If my mustee character (half Pee Dee, half African), Indian Pete, is based on Prince Alston, a man described in Archibald Rutledge’s memoir, Home By The River, will it be enough to add a citation at the end?

From Home By The River: Prince Alston had a “kinship with nature as unfeigned as it was intimate.” He was “untouched by any human school of philosophy … but deeply read in the oracles of God.” Prince once plowed a field with a half wild bull that other field workers would walk a quarter mile out of their way to avoid, earning him no end of admiration.

Have I fixed all the erroneous capital H’s that I managed to insert while fixing the naming of a ship, the Hound? (Hounds show up with surprising frequency).

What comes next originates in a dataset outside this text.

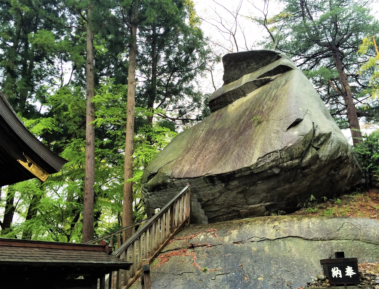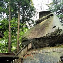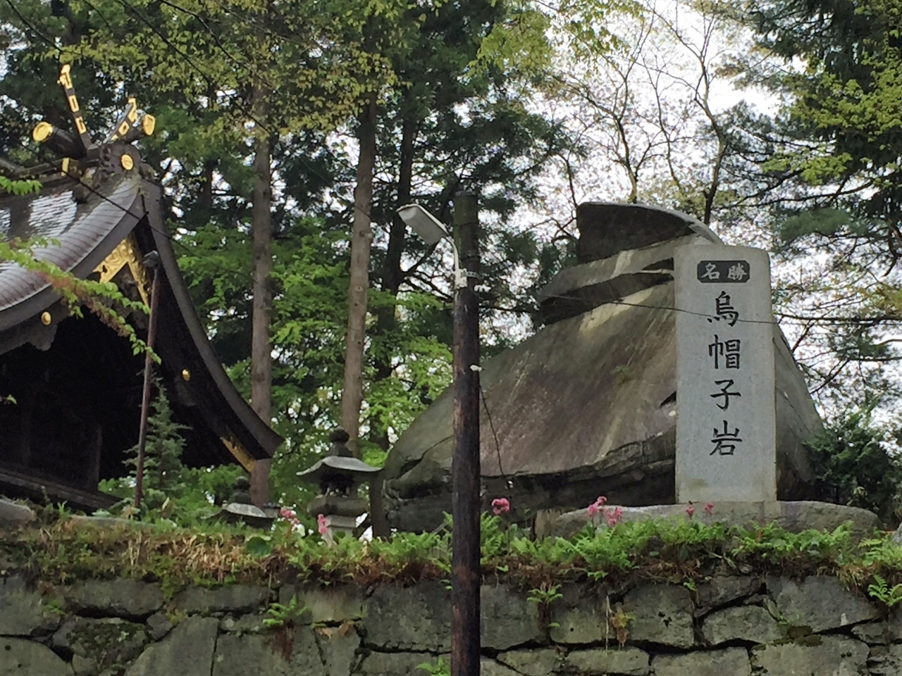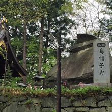 桜山神社本殿背後には巨大な奇岩「烏帽子岩」が鎮座します。

My dear cousin Ginny printed out the manuscript for me! With almost all the inputs, too. It will be very different to give it a read through on paper.

Thank you Ginny!

Today I woke with this thought: if we hold onto the House and flip the Senate (and trump wins), we would be able to impeach AND convict him. Given all the totalitarian strategies being employed by trump and Barr to steal the election, maybe this is the thing to focus on?

Hazel ship plus historic ship plus — sigh — Chadwick Bozeman. May he sail free.

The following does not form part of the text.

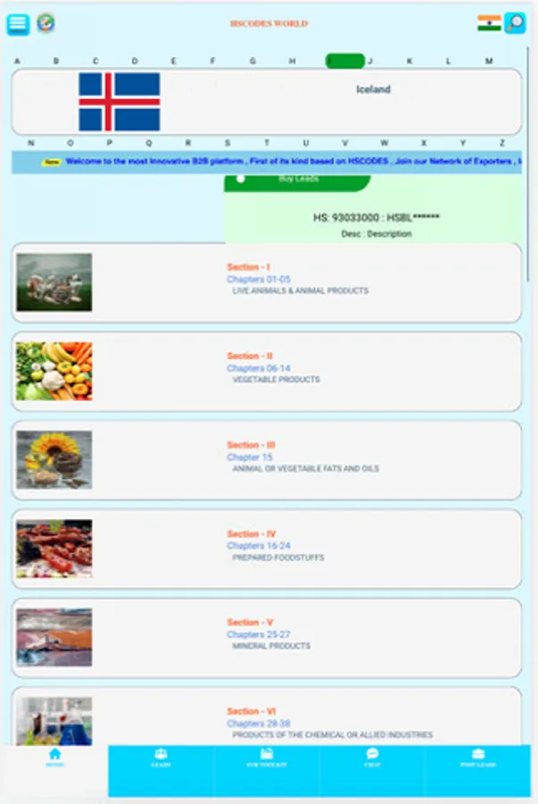 • Users can get connect globally with their choice of products precisely using HSCODES based on country.

Pin by Liz, my father’s Army picture, and from Twelve Years a Slave, Chiwetel Eijofor.

16 thoughts on “Check and check

  1. RainSluice

    It is absolutely critical that we flip the senate and keep a majority in the house. CRITICAL!!!!
    I’m fine. I am, totally cool confident and so relaxed about the fact we will do exactly that, and we do this as 1/2 the nation sucks up to a mafia boss posing as God.

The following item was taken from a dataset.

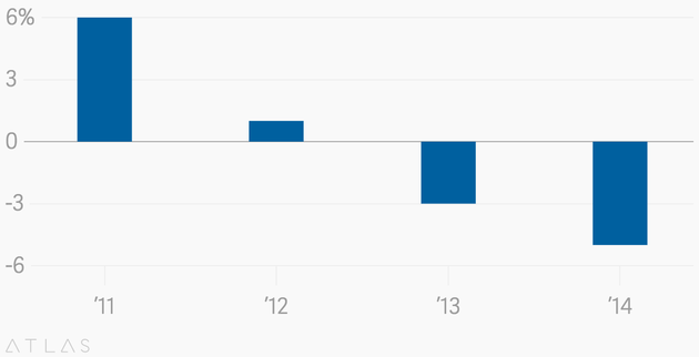 Annual Percentage Change in the Number of New York City Taxi Trips

    Yay Ginny! Gogogogogogogo, Dee! You have done all the work and more. I wish I were a publisher at oh I don’t know maybe Macmillan or Random House. Cuz then you’d get a movie deal too, which seems likely no matter what. What a great movie this book will make!!

    Reply
  2. Nancy

    One of the things I really appreciate is how you’ve honestly shown the very long, hard sometimes tedious work of writing. You’re a pro at that. It’s so easy to read over because we Know the material so well in our heads.
    I like your writing space and related pictures collections.

    Reply
  3. Michelle Slater

    Yay for the printed manuscript. Meanwhile, I focus on balance no matter what and I hope we do flip the Senate, keep the House and eject this administration of course. I am fully prepared for backlash, counter struggle and for the long road onward attempting to repair the damage this administration has already accomplished. However, I focus on balance and on equanimity. I know too that it is possible we may not defeat this well oiled machine come November. I am preparing myself to keep on keeping on regardless. Climate change is more important than any of the governments on the planet. I am prepared to keep on keeping on.

    Reply
  4. Acey

    Last night this post gave me a massive ‘theoretical’ anxiety attack to consider what lies ahead for the final countdown of equally final editing. Then I was really happy for you to be at this stage. Re-read this morning and feel your words are reminiscent of like double checking before you leave the house for a major trip you’ve waited a very long time to take.

    Reply
  5. Mo Crow

    editing is another hat altogether in the writing process, I love writers who take the time to make sure there are no typos in the manuscript and that the timeline works ie when the moon is full it can’t be a dark and starless night, good luck with the fine tuning!

    Reply
  6. Hazel

    The whirrr of your working so hard can be felt.
    I’m touched to see the boat in your gathering, thank you. His portrayal of the Black Panther meant so much to the community of students at my last school. I have thought of them so often during this pandemic- for many of them it’s been a loss of learning, safe consistent community, meals, and heroes.

    Reply
    1. deemallon

      I’ve been so moved by the testimony both of parents and of the children themselves about the importance of Black Panther.

      Reply
  7. Joanne.

    Lately your posts have brought tears to my eyes- not because I am sad- rather the raw emotion of creating something like this and the tedious unrelenting editing….it’s such hard work writing a book. But I look forward to buying it and reading it (while slurping Pantry Soup of course).